DATA SUPPLIED =>
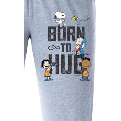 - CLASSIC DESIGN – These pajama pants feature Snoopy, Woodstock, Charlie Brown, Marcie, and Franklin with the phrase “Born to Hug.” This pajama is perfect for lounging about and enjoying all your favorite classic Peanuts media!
---
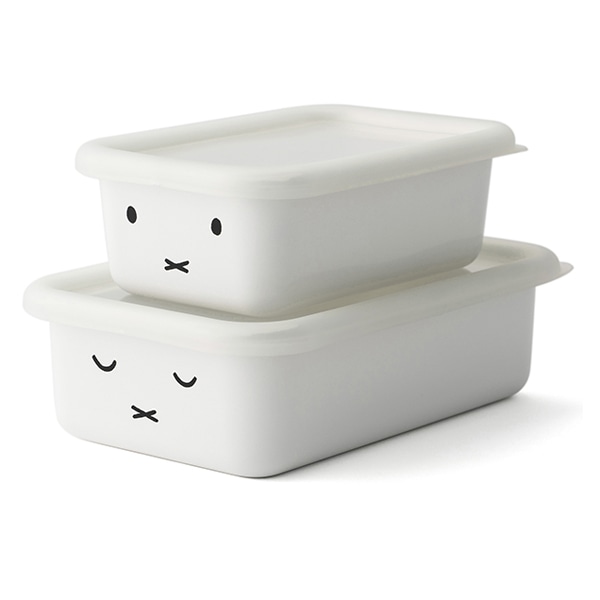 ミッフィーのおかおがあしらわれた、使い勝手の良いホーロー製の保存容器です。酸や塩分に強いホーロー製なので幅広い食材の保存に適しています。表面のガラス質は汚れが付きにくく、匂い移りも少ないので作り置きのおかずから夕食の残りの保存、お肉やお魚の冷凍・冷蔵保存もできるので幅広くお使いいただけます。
* * *
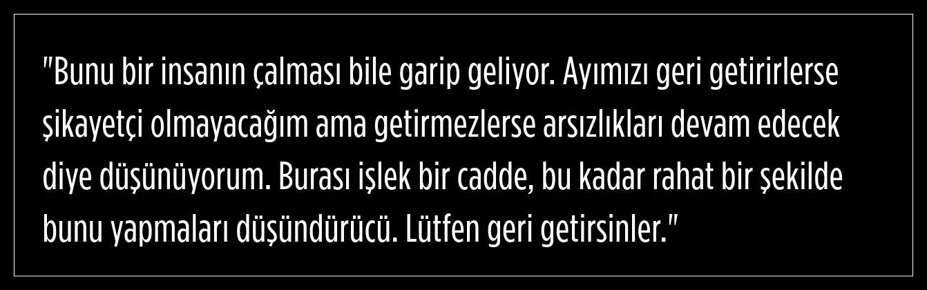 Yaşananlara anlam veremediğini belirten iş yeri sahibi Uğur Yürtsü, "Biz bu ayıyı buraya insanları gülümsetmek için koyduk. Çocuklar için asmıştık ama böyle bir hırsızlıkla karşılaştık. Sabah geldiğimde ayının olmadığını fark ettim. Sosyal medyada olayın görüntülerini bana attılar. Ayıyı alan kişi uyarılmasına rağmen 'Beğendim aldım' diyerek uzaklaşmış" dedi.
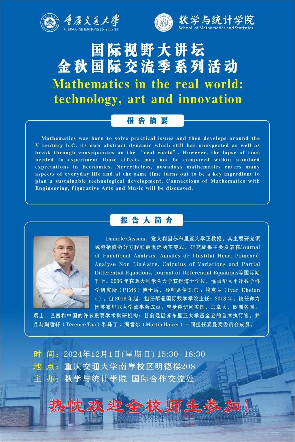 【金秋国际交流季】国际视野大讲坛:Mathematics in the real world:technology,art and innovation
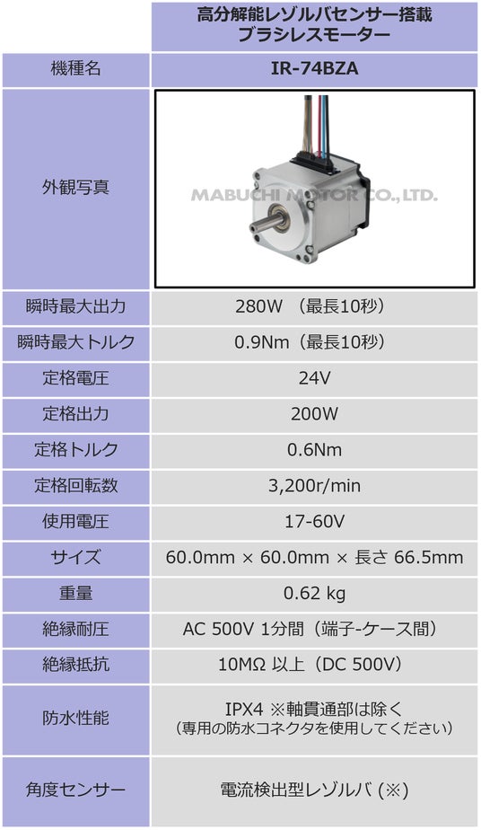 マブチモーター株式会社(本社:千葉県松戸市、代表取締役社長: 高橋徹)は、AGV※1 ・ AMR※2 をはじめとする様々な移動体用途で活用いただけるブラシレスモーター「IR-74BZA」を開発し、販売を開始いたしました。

ASSIGNMENT => Exercise for the records above: copy only the lines from the one with "Yaşananlara anlam veremediğini" to the one with "マブチモーター株式会社(本社:千葉県松戸市、代表取締役社長: 高橋徹)は、AGV※1 ・", both ends kept, and drop the pictures.

YOUR RESPONSE =>
 Yaşananlara anlam veremediğini belirten iş yeri sahibi Uğur Yürtsü, "Biz bu ayıyı buraya insanları gülümsetmek için koyduk. Çocuklar için asmıştık ama böyle bir hırsızlıkla karşılaştık. Sabah geldiğimde ayının olmadığını fark ettim. Sosyal medyada olayın görüntülerini bana attılar. Ayıyı alan kişi uyarılmasına rağmen 'Beğendim aldım' diyerek uzaklaşmış" dedi.
 【金秋国际交流季】国际视野大讲坛:Mathematics in the real world:technology,art and innovation
 マブチモーター株式会社(本社:千葉県松戸市、代表取締役社長: 高橋徹)は、AGV※1 ・ AMR※2 をはじめとする様々な移動体用途で活用いただけるブラシレスモーター「IR-74BZA」を開発し、販売を開始いたしました。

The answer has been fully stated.